> [WORK TO COMPLETE] Look through the entries below for the line with "Готове варення розливають" and the line with "Refined pebble leather|", then give again exactly those two lines and all lines between them, minus the pictures.

> [PROVIDED INFORMATION]
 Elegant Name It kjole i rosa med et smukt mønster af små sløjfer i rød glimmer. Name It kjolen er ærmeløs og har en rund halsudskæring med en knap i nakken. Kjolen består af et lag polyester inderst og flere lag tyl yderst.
...
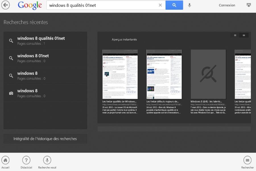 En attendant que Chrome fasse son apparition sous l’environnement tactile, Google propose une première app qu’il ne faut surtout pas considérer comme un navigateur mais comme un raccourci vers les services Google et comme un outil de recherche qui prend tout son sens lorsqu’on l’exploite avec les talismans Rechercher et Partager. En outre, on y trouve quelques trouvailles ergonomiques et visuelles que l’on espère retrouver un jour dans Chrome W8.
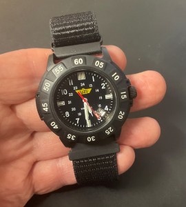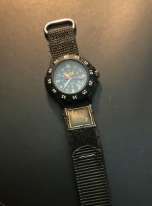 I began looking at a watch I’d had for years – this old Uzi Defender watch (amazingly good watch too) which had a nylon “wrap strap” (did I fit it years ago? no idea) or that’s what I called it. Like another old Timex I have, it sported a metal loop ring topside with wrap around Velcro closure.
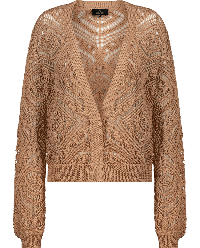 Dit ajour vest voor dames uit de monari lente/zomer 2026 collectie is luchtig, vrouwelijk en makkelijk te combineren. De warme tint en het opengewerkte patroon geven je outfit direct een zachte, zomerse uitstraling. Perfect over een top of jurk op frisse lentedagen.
...
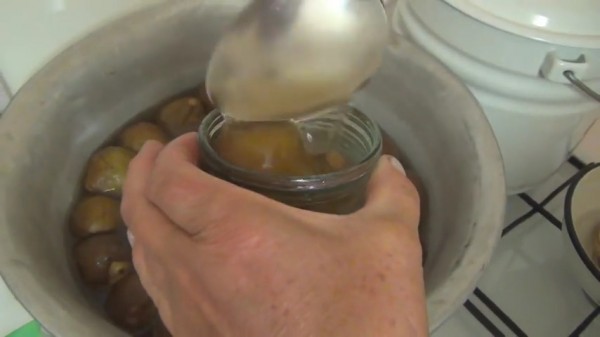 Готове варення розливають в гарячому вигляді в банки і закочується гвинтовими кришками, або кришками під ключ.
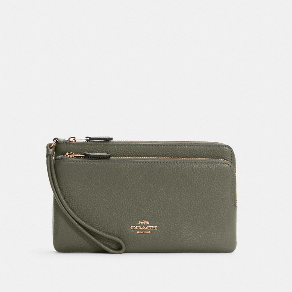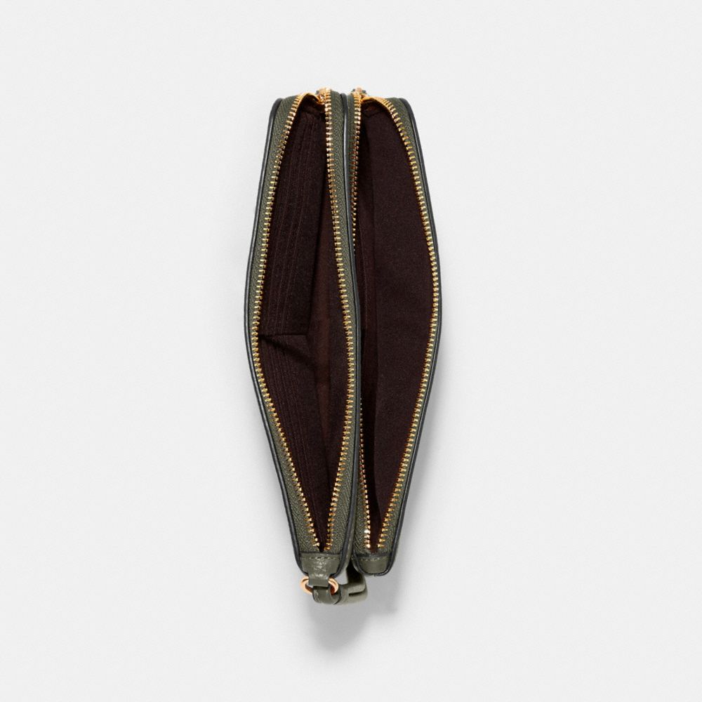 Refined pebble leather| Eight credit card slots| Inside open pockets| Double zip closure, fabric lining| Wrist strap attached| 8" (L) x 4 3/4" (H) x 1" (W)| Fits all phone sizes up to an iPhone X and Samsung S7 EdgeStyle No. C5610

> [YOUR RESPONSE]
 Готове варення розливають в гарячому вигляді в банки і закочується гвинтовими кришками, або кришками під ключ.
 Refined pebble leather| Eight credit card slots| Inside open pockets| Double zip closure, fabric lining| Wrist strap attached| 8" (L) x 4 3/4" (H) x 1" (W)| Fits all phone sizes up to an iPhone X and Samsung S7 EdgeStyle No. C5610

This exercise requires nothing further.